THE PROBLEM
Write out all the data verbatim. Skip images.

MATERIAL PROVIDED
= Beginning of Section =

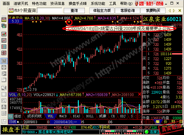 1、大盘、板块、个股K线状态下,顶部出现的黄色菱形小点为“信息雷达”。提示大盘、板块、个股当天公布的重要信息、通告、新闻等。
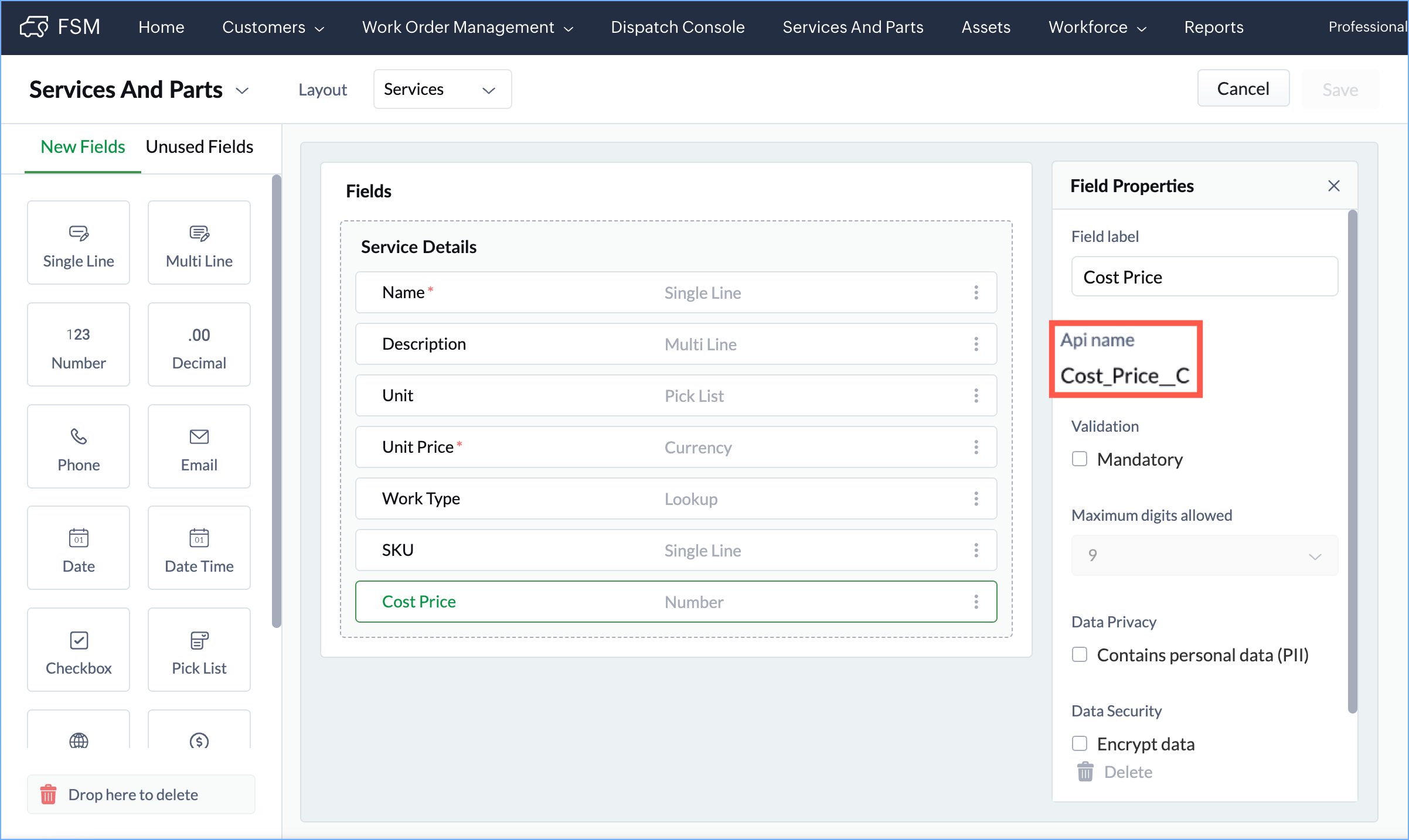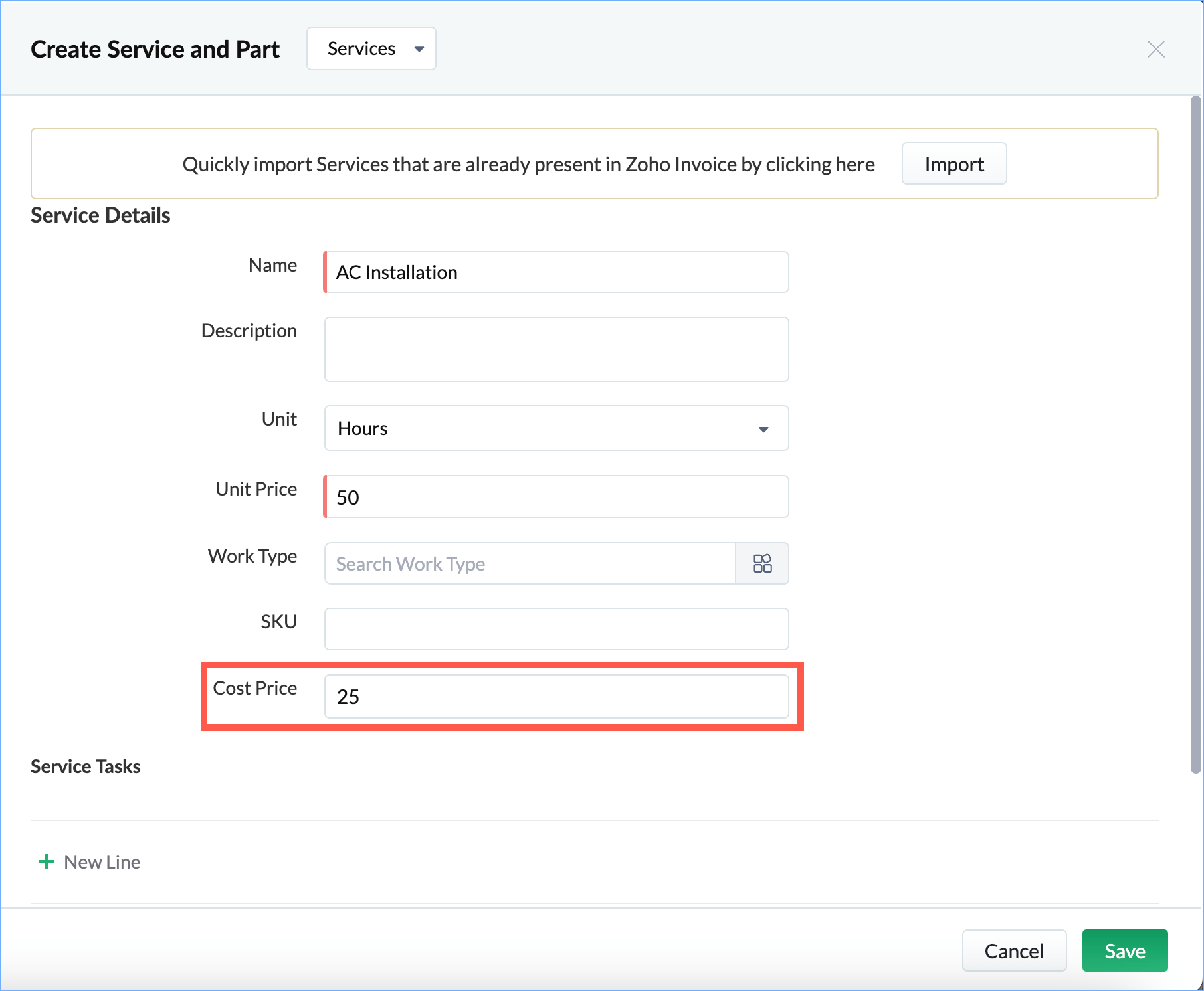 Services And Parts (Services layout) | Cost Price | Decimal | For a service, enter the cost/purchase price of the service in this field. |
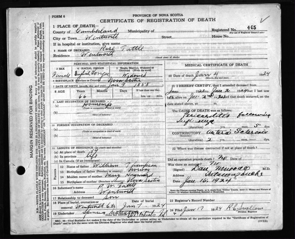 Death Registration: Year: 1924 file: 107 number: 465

= End of Section =

RESPONSE TO THE TASK
 1、大盘、板块、个股K线状态下,顶部出现的黄色菱形小点为“信息雷达”。提示大盘、板块、个股当天公布的重要信息、通告、新闻等。
 Services And Parts (Services layout) | Cost Price | Decimal | For a service, enter the cost/purchase price of the service in this field. |
 Death Registration: Year: 1924 file: 107 number: 465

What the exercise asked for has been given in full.